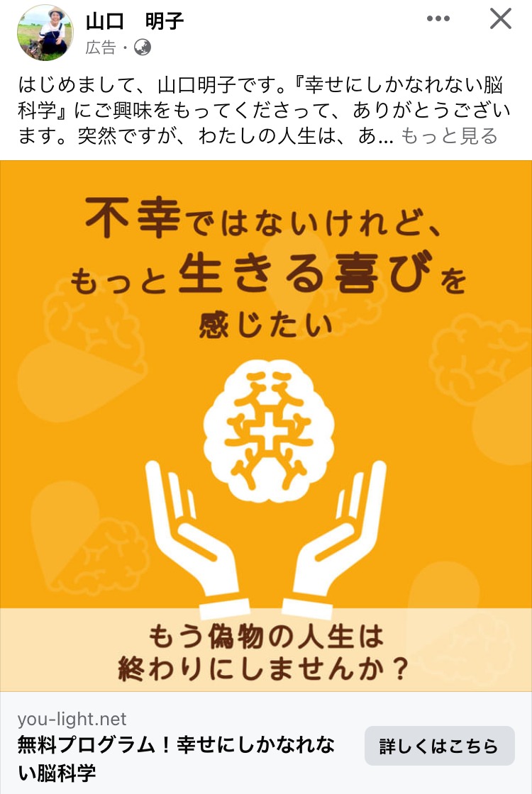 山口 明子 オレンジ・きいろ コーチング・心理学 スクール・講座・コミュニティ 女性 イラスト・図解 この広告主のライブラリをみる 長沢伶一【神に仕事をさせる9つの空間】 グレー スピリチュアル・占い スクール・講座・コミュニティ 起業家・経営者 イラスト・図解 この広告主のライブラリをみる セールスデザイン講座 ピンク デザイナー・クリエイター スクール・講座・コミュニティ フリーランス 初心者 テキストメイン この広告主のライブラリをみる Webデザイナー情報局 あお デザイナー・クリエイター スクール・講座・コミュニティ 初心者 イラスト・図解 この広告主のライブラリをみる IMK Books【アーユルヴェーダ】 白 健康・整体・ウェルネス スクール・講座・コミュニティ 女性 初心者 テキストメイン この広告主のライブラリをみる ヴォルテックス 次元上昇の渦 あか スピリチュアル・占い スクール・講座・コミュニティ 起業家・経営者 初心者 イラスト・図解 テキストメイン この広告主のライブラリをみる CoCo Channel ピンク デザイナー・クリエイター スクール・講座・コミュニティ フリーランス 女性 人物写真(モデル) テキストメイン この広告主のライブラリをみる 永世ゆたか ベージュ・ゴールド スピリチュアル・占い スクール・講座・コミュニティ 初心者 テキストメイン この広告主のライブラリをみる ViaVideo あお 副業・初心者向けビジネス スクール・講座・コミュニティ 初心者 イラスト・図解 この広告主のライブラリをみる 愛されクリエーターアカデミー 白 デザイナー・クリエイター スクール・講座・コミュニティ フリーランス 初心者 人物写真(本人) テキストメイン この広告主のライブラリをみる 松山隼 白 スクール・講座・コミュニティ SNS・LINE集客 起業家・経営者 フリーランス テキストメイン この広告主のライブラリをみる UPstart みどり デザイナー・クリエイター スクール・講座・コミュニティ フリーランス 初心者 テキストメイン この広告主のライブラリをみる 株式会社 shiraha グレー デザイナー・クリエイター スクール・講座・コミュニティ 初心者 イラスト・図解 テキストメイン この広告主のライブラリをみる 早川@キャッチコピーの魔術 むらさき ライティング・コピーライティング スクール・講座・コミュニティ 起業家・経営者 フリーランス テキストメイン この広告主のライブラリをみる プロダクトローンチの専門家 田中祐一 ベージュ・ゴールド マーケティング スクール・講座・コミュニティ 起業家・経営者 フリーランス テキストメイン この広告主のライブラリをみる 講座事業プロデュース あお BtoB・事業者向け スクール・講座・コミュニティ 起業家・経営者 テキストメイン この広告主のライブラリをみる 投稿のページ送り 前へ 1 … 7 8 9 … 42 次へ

= = =

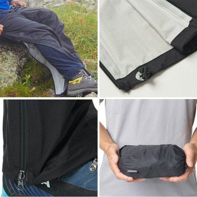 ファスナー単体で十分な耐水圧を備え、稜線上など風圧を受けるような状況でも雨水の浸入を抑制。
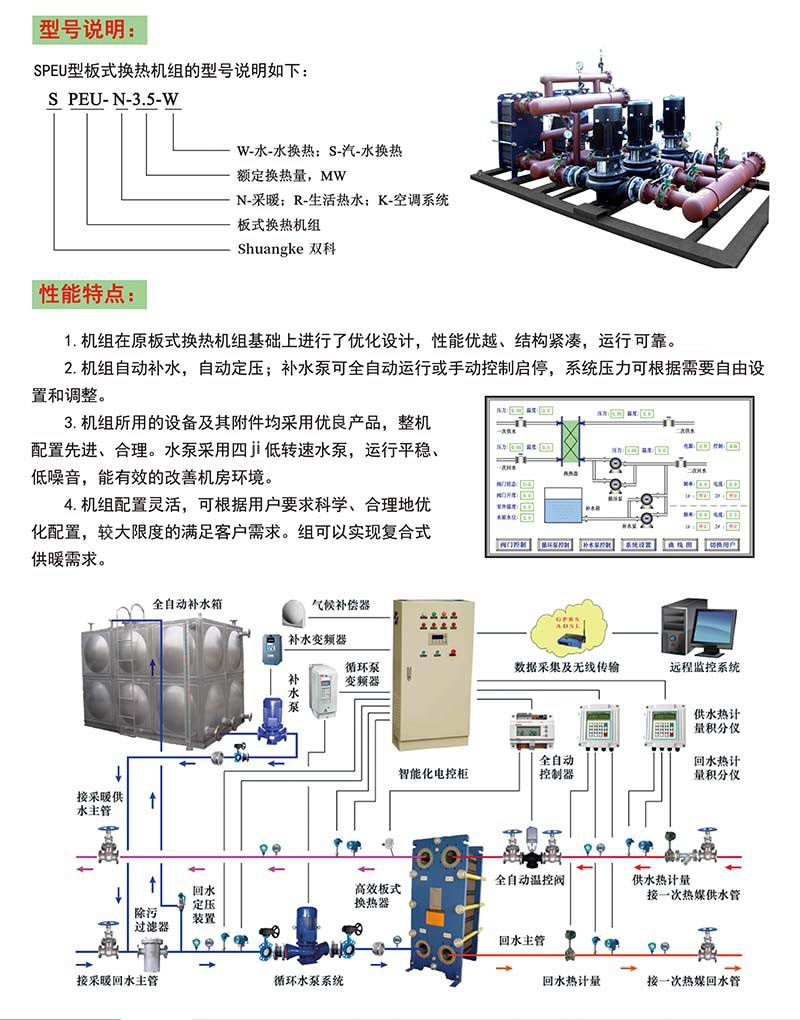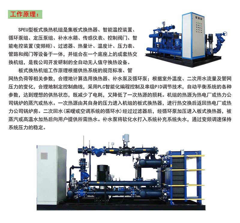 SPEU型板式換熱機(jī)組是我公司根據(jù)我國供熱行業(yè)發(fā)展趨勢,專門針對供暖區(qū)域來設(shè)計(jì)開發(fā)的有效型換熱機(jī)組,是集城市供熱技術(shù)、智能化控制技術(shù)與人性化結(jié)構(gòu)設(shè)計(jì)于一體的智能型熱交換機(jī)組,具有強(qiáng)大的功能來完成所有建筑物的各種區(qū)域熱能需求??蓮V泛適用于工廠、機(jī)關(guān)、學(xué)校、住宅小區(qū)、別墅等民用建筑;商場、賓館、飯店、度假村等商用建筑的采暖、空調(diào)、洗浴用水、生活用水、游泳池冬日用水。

= = =

When copying from the data above, begin at the line containing "ファスナー単体で十分な耐水圧" and end at the line containing "SPEU型板式換熱機(jī)"; return those lines exactly and leave all pictures behind.

 ファスナー単体で十分な耐水圧を備え、稜線上など風圧を受けるような状況でも雨水の浸入を抑制。
 SPEU型板式換熱機(jī)組是我公司根據(jù)我國供熱行業(yè)發(fā)展趨勢,專門針對供暖區(qū)域來設(shè)計(jì)開發(fā)的有效型換熱機(jī)組,是集城市供熱技術(shù)、智能化控制技術(shù)與人性化結(jié)構(gòu)設(shè)計(jì)于一體的智能型熱交換機(jī)組,具有強(qiáng)大的功能來完成所有建筑物的各種區(qū)域熱能需求??蓮V泛適用于工廠、機(jī)關(guān)、學(xué)校、住宅小區(qū)、別墅等民用建筑;商場、賓館、飯店、度假村等商用建筑的采暖、空調(diào)、洗浴用水、生活用水、游泳池冬日用水。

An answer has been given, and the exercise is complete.